Conclusion of Hypothesis Testing
Since the p-value is below the significance level, the null hypothesis is rejected and the alternative hypothesis is accepted. This confirms that movements in the NIFTY 50 index have a significant impact on the stock returns of Adani Ports & SEZ Ltd.
7. Conclusion
The study concludes that there exists a significant positive relationship between the NIFTY 50 index and the equity returns of Adani Ports & SEZ Ltd. As a major player in the logistics and infrastructure sector, Adani Ports’ stock performance is closely aligned with overall market trends and economic activity.
The findings indicate that improvements in market conditions and investor sentiment positively influence the stock returns of Adani Ports, while adverse market movements may negatively affect performance. Regression analysis has proven to be a useful analytical tool for understanding this relationship and offers valuable insights for investors, analysts, and operations managers.
Overall, the study highlights the importance of macroeconomic factors in influencing the financial performance of operations-intensive organizations and demonstrates the practical application of quantitative analysis in business decision-making..
8. References
– National Stock Exchange of India (NSE)
– Damodaran, A. (2012). Investment Valuation
– Kothari, C. R. (2004). Research Methodology
– Krajewski et al. Operations Management
Sharpe, W. F. (1964). Capital asset prices: A theory of market equilibrium under conditions of risk. Journal of Finance, 19(3), 425–442.

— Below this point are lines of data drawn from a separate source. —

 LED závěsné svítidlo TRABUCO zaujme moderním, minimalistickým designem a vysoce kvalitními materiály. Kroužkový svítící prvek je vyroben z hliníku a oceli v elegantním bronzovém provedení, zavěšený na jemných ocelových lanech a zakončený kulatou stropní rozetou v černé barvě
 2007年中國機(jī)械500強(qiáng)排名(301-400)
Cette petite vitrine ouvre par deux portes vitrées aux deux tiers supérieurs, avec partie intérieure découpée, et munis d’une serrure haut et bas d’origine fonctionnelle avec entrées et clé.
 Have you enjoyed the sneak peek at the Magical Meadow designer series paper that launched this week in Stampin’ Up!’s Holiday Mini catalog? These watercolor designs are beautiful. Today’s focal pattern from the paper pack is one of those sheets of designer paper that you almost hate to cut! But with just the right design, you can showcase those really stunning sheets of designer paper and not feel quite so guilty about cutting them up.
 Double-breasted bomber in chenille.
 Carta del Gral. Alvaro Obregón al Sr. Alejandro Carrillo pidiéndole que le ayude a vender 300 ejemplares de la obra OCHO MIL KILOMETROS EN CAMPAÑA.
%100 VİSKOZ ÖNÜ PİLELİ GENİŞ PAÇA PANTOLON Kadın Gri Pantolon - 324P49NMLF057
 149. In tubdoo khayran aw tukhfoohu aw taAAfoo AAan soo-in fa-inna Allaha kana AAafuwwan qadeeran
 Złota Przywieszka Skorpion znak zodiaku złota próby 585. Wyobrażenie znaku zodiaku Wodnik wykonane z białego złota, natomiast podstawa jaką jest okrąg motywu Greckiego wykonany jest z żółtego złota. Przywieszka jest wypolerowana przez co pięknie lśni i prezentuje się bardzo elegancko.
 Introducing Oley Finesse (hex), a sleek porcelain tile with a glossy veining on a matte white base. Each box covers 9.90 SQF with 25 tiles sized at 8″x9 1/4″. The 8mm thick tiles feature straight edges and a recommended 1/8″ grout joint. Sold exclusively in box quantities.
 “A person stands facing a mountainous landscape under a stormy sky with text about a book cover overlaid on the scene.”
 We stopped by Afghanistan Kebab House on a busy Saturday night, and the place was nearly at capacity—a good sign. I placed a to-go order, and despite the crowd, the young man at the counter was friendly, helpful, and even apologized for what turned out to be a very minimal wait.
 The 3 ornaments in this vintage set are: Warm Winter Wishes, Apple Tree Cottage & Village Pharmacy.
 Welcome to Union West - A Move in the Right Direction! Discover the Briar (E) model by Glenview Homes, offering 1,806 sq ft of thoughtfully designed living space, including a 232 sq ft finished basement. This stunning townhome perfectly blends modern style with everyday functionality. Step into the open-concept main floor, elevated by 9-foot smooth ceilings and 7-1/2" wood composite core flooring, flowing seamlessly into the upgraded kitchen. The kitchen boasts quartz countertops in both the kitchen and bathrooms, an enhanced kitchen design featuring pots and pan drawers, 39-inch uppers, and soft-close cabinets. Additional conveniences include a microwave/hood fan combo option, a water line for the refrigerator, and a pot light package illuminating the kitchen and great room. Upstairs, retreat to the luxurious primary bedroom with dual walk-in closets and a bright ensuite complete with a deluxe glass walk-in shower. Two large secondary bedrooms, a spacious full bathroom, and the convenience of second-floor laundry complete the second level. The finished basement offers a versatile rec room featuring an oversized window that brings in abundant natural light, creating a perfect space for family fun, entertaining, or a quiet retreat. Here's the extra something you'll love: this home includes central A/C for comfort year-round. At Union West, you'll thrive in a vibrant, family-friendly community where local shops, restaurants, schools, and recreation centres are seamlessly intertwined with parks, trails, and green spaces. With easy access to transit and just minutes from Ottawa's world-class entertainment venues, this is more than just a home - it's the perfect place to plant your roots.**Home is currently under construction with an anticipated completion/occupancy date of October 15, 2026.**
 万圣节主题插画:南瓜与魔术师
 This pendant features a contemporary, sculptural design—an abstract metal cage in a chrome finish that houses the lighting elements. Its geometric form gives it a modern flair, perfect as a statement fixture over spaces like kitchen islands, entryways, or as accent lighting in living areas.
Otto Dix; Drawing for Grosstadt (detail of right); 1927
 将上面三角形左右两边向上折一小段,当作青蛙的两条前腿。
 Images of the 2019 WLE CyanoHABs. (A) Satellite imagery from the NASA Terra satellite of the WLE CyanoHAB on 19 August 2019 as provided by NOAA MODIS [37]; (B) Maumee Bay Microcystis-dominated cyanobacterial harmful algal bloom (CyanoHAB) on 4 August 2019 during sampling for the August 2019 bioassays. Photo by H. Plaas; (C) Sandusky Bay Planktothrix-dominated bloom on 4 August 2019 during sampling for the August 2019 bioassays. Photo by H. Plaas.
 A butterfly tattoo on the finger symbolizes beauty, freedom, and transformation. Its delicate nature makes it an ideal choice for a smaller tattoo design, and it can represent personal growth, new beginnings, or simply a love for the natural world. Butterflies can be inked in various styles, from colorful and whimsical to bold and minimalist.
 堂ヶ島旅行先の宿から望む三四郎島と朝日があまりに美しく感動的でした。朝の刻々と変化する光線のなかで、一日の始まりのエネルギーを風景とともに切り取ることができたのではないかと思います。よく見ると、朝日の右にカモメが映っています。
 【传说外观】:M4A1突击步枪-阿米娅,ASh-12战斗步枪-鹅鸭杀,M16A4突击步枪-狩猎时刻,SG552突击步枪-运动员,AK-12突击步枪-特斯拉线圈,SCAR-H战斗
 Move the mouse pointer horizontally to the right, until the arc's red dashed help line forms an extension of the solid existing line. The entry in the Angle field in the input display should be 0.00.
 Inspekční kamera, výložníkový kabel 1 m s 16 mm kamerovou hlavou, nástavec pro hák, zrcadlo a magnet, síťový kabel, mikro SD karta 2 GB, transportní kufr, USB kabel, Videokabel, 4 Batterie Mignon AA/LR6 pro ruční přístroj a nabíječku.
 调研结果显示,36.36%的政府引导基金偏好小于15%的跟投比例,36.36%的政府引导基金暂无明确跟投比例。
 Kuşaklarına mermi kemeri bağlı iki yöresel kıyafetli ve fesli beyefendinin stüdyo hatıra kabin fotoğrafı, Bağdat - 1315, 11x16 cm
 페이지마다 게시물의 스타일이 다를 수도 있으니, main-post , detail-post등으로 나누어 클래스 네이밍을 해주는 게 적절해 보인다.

Fama, E. F., & French, K. R. (1992). The cross-section of expected stock returns. Journal of Finance, 47(2), 427–465.
Ross, S. A., Westerfield, R., & Jaffe, J. (2016). Corporate finance (10th ed.). McGraw-Hill Education.
Gujarati, D. N., & Porter, D. C. (2009). Basic econometrics (5th ed.). McGraw-Hill.
Krajewski, L. J., Ritzman, L. P., & Malhotra, M. K. (2019). Operations management: Processes and supply chains (12th ed.). Pearson.
Kothari, C. R. (2004). Research methodology: Methods and techniques. New Age International.